PROBLEM => Copy without pictures. Please restate each line of the listing exactly.

AVAILABLE DATA =>
□ □ □
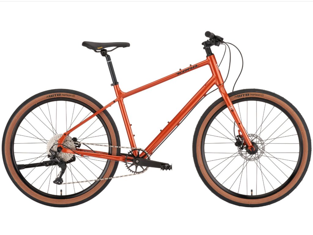 Kona 36e Dew Plus OrangeKona 36e Dew Plus Orange je pohodlné, všestranné městské kolo s hliníkovým rámem, hydraulickými kotoučovými brzdami a převody Shimano Deore 10 rychlostí, které poskytuje široký rozsah pro jízdu po plochých silnicích i zvládání kopců. Pláště WTB Horizon Comp 650×47c společně s geometrií rámu zajišťují stabilitu i komfort na delších cestách nebo méně kvalitním povrchu. Je vybaven stojánkem, což přidává praktičnost pro každodenní využití.
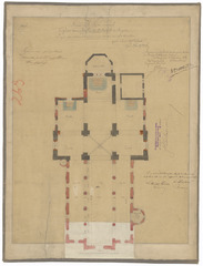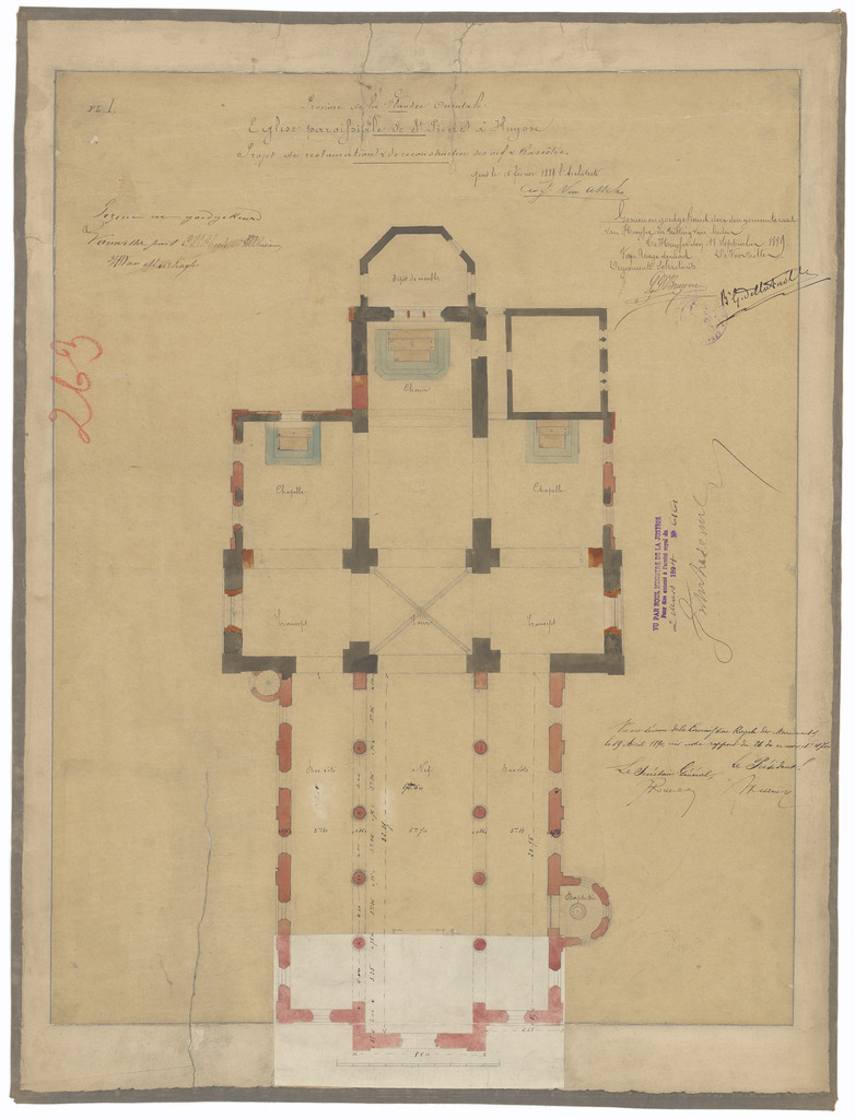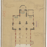 Opschrift: Province de la Flandre Orientale. Eglise paroissiale de St. Pierre à Huysse. Projet de restauration & de reconstruction des nef & bascôtés. Omschrijving plan: plattegrond niveau 0 Datum KCML: 19/04/1890 Archiefnummer: O1388
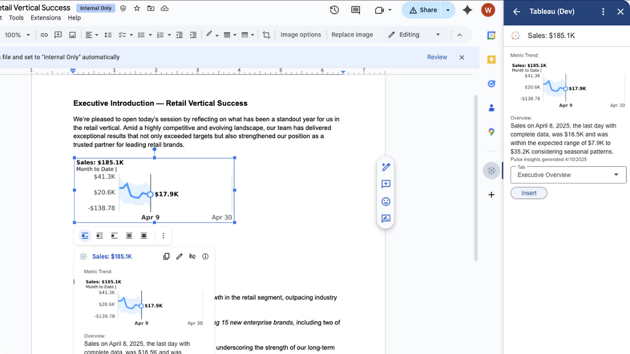 이제 Google 문서나 프레젠테이션(Google Docs & Slides)에 Tableau 대시보드를 직접 넣을 수 있게 되었습니다.
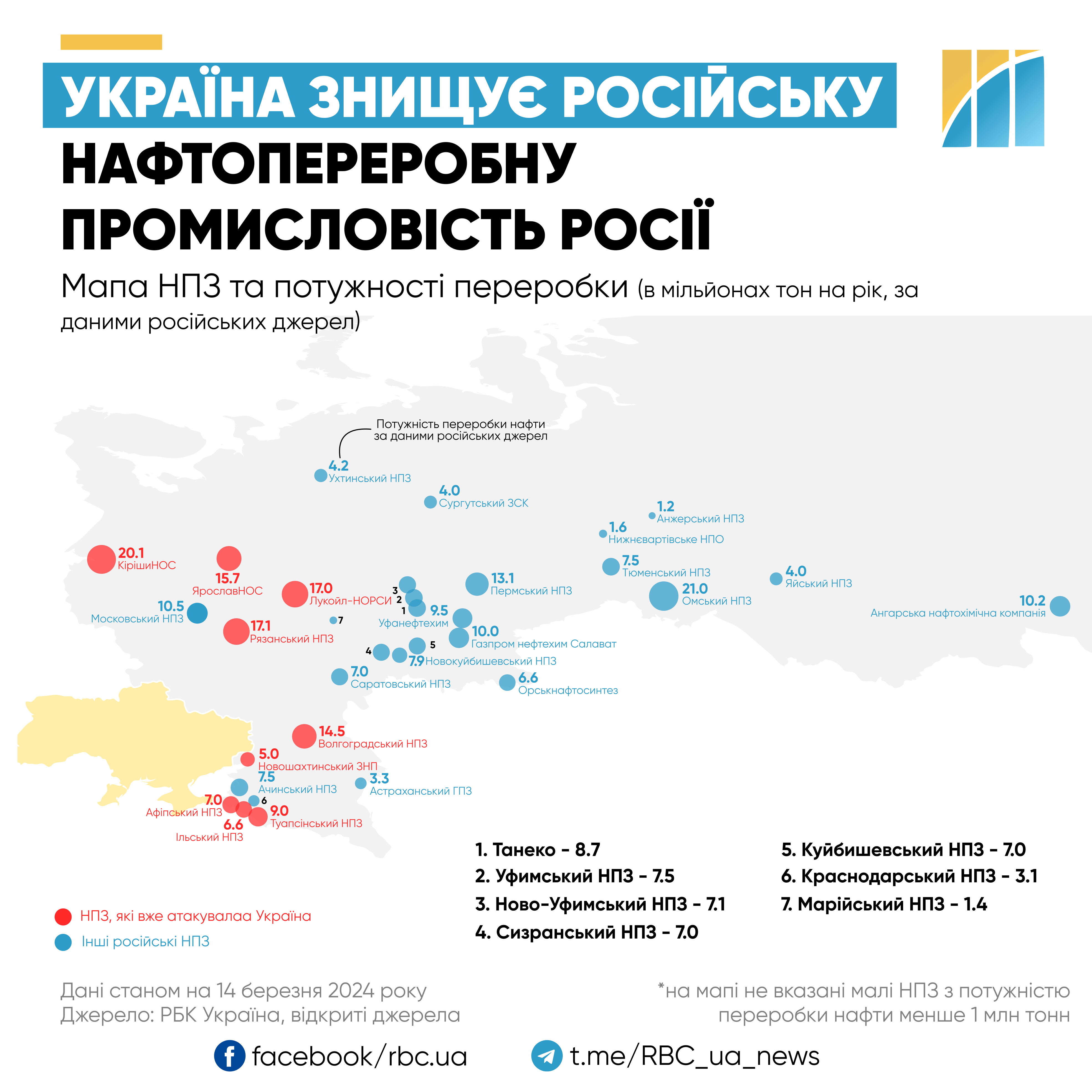 Карта найбільших російських НПЗ (інфографіка РБК-Україна)
□ □ □
RESPONSE BOX =>
 Kona 36e Dew Plus OrangeKona 36e Dew Plus Orange je pohodlné, všestranné městské kolo s hliníkovým rámem, hydraulickými kotoučovými brzdami a převody Shimano Deore 10 rychlostí, které poskytuje široký rozsah pro jízdu po plochých silnicích i zvládání kopců. Pláště WTB Horizon Comp 650×47c společně s geometrií rámu zajišťují stabilitu i komfort na delších cestách nebo méně kvalitním povrchu. Je vybaven stojánkem, což přidává praktičnost pro každodenní využití.
 Opschrift: Province de la Flandre Orientale. Eglise paroissiale de St. Pierre à Huysse. Projet de restauration & de reconstruction des nef & bascôtés. Omschrijving plan: plattegrond niveau 0 Datum KCML: 19/04/1890 Archiefnummer: O1388
 이제 Google 문서나 프레젠테이션(Google Docs & Slides)에 Tableau 대시보드를 직접 넣을 수 있게 되었습니다.
 Карта найбільших російських НПЗ (інфографіка РБК-Україна)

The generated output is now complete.